4.4 Intergranular corrosion.

Intercrystalline corrosion

arises due to the difference in potentials at the grain boundary and in its matrix (Figure 7).

In air, a carbide phase forms at the grain boundary, which shifts the potential to more electronegative values. Thus, the grain boundary is the anode with respect to their matrix.

This type of corrosion is most dangerous for alloys, since in the place where the more electronegative metal accumulates, an anode will form, and the main one - a cathode. For example, for stainless steels containing chromium, the chromium content near the grain boundaries is lower than on the rest of the surface, which makes them less passivated. As a result, such places become anodes in relation to the grain matrix.

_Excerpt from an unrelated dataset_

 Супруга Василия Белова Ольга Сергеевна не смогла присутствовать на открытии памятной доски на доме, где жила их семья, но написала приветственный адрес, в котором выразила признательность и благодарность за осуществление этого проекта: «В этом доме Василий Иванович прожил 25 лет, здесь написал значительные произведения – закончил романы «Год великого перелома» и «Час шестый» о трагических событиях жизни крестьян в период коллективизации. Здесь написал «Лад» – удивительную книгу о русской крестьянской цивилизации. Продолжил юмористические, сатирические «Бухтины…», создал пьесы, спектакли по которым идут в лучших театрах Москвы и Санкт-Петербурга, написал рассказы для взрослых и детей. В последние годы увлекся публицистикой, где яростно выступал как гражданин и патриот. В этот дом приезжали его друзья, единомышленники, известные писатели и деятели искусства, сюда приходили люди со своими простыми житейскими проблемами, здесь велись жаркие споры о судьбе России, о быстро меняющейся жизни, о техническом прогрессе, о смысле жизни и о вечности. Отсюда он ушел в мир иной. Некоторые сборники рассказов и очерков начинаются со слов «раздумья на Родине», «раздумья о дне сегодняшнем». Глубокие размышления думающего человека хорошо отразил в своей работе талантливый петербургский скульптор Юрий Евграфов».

Figure 7 – Intercrystalline corrosion of stainless steel: 1 – cathode; 2 – anode; 3 – carbide phase; 4 – chromium-depleted zone; 5 – grain boundary.

4.5 Fretting corrosion.

Fretting corrosion

occurs between two surfaces that are in continuous contact with each other and undergo small vibrations. The surfaces are never separated from each other, so fragments of corrosion products accumulate at points of mechanical contact.

This corrosion occurs during minor vibrations, cyclic or reciprocating movements with small amplitudes and speeds. Bolts, rivets, hinges, couplings, valves, engine parts, etc. are subject to this corrosion.

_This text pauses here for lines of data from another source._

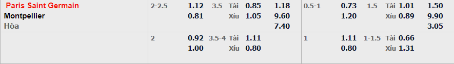 - Mức kèo nhà cái cược chấp trận này: Paris SG chấp 2,25 Trái. Paris SG ăn 1,12. Montpellier ăn 0,81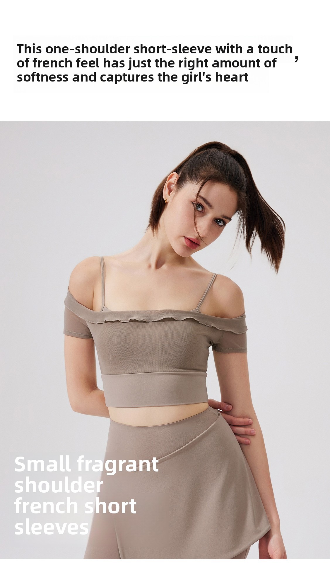 MAD LION pure desire wind lace mesh yoga clothes short sleeves with chest pads running quick drying sports bra one cup fitness clothes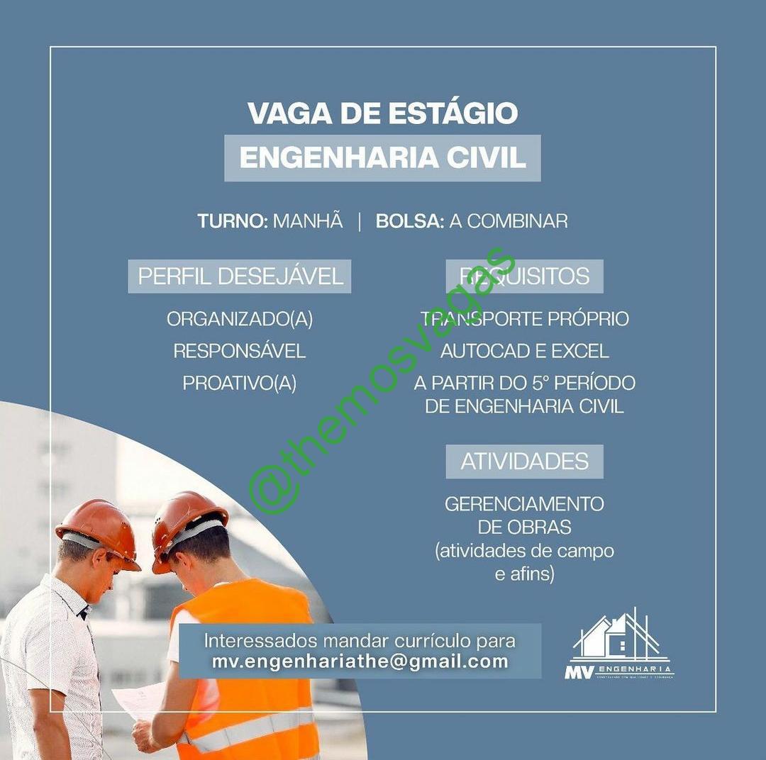 – Interessados(as) e que atendam ao perfil solicitado acima, devem enviar o currículo para o e-mail mv.engenhariathe@gmail.com , contendo no título/assunto “Estágio em Engenharia Civil – THE“.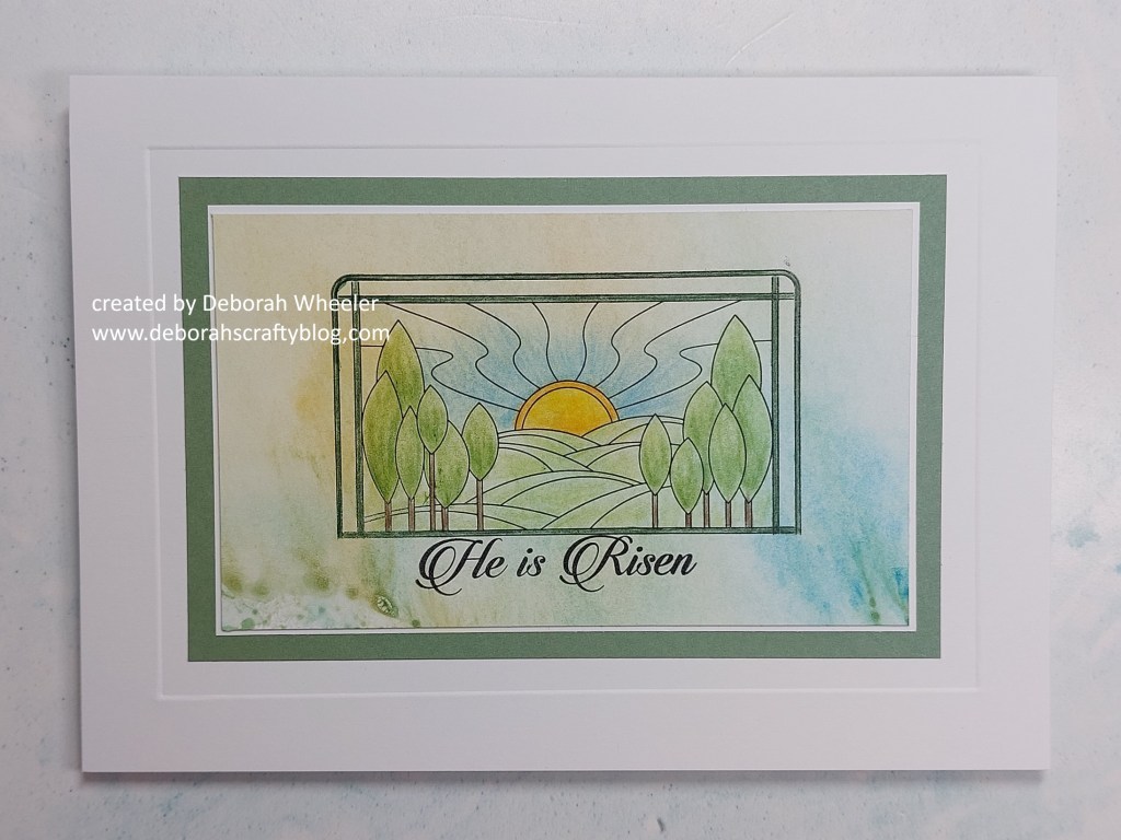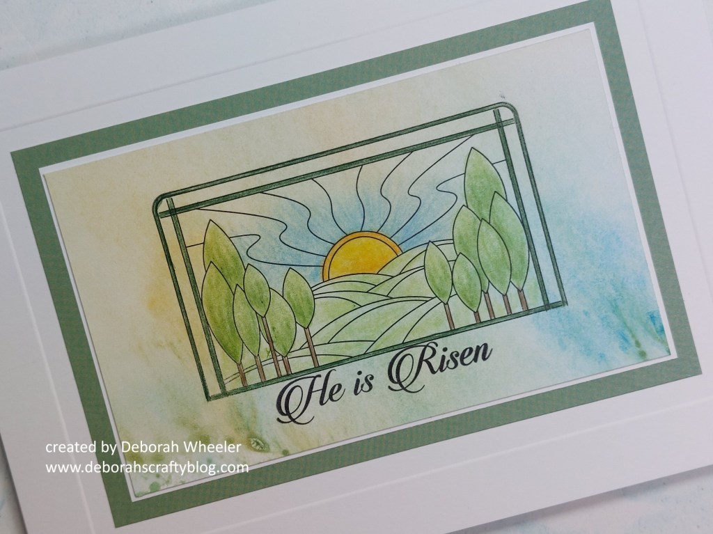 Allelulia, Christ is risen! It’s Easter morning and I’m just popping in with a quick post to share a celebratory card with you before heading off to church. I’ve made very few Easter cards this year – the last couple of months have been pretty full on, with a respiratory infection, new kitchen being fitted and overseas friends coming to stay! Plus all the normal life stuff as well… Anyway, today is definitely the most appropriate day for this card – I thought the sunrise scene from Clarity’s Art Nouveau stamps was perfect for Easter morning.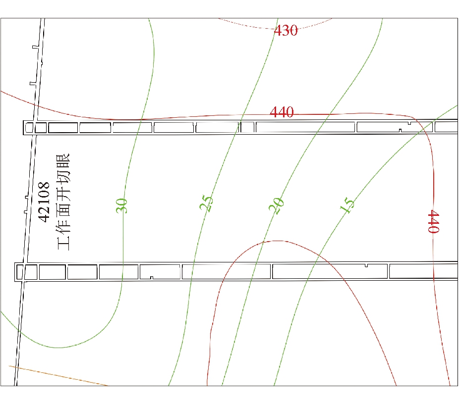 图1 固定翼垂直起降无人机 2 无人机岩移监测实例布尔台煤矿位于内蒙古自治区鄂尔多斯市伊金霍洛旗,神东矿区北部。利用无人机技术对布尔台煤矿某区域的工作面岩移情况进行监测分析,观测区域内的平均岩层厚度约为440 m,松散层厚度约为30 m,平均煤层厚度约为6.1 m,实际平均采高为6.1 m,开切眼处煤层的倾角为1°,倾向线处煤层的倾角则为1°48′,岩移监测区域煤层总体为近水平煤层。工作面岩层与松散层厚度等值线如图2所示。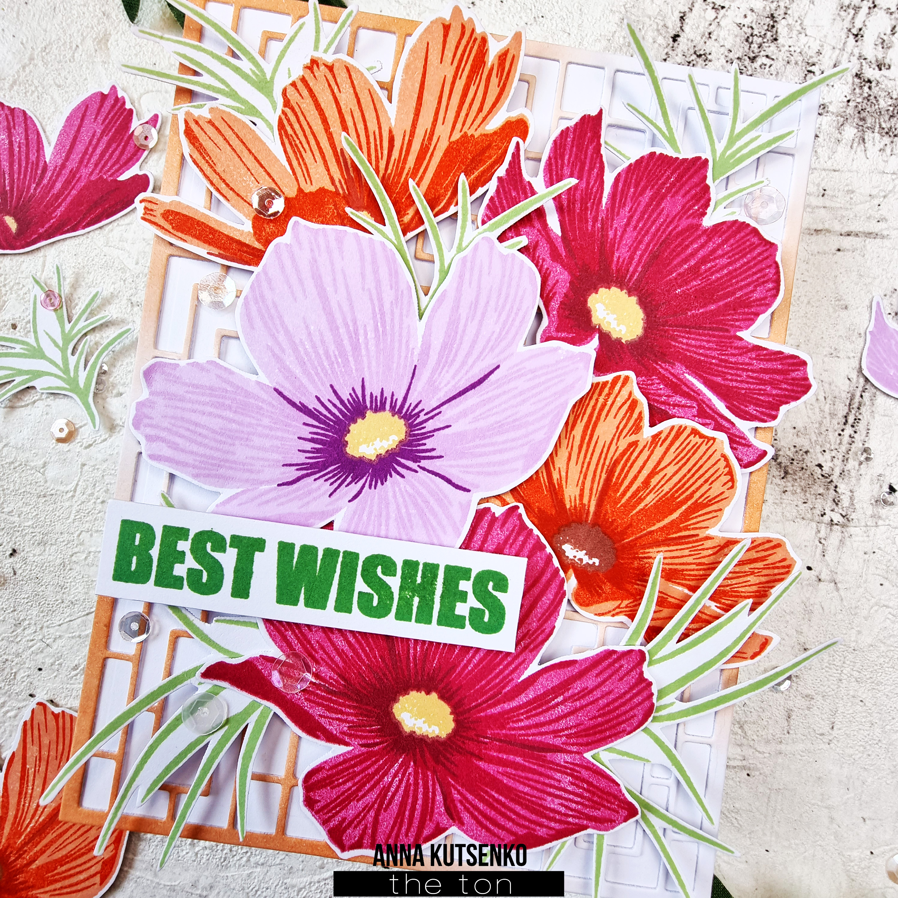 I started by stamping beautiful flowers from Charming Cosmos on a white cardstock. For the pink (light purple) flower, I used Soft Orchid, Orchid Crush and Plum Wine ink pads. I stamped orange cosmos in Peach Blossom, Coralline and Coral Cavern. The red flowers were stamped with Red Sangria, Lipstick Red and Wine inks. For the foliage, I used Matcha dye ink. I fussy cut all images, but you can use Charming Cosmos Coordinating Die for quick and easy way.

4.6 Stress corrosion cracking.

Stress corrosion cracking occurs when a metal product is subjected to tension in a corrosive environment. Then, even at stresses below the fracture stress, cracking occurs, ultimately leading to the destruction of the structure or product.

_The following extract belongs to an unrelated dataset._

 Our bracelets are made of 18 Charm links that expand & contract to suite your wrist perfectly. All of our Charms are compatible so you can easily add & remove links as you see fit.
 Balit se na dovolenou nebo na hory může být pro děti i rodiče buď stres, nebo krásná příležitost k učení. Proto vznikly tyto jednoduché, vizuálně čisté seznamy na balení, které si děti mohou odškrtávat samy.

Corrosion occurs on stretched areas of the metal, since they turn out to be anodes in relation to the unstretched part. This phenomenon is observed on any metals and alloys, as well as in any environment.

4.7 Corrosion fatigue.

Corrosion fatigue occurs due to simultaneous exposure to an aggressive environment and mechanical load.

Corrosion fatigue often causes “unexpected” failure of metal parts, so if a part in a corrosive environment is subject to continuous vibration, its failure will occur at a stress well below the endurance limit.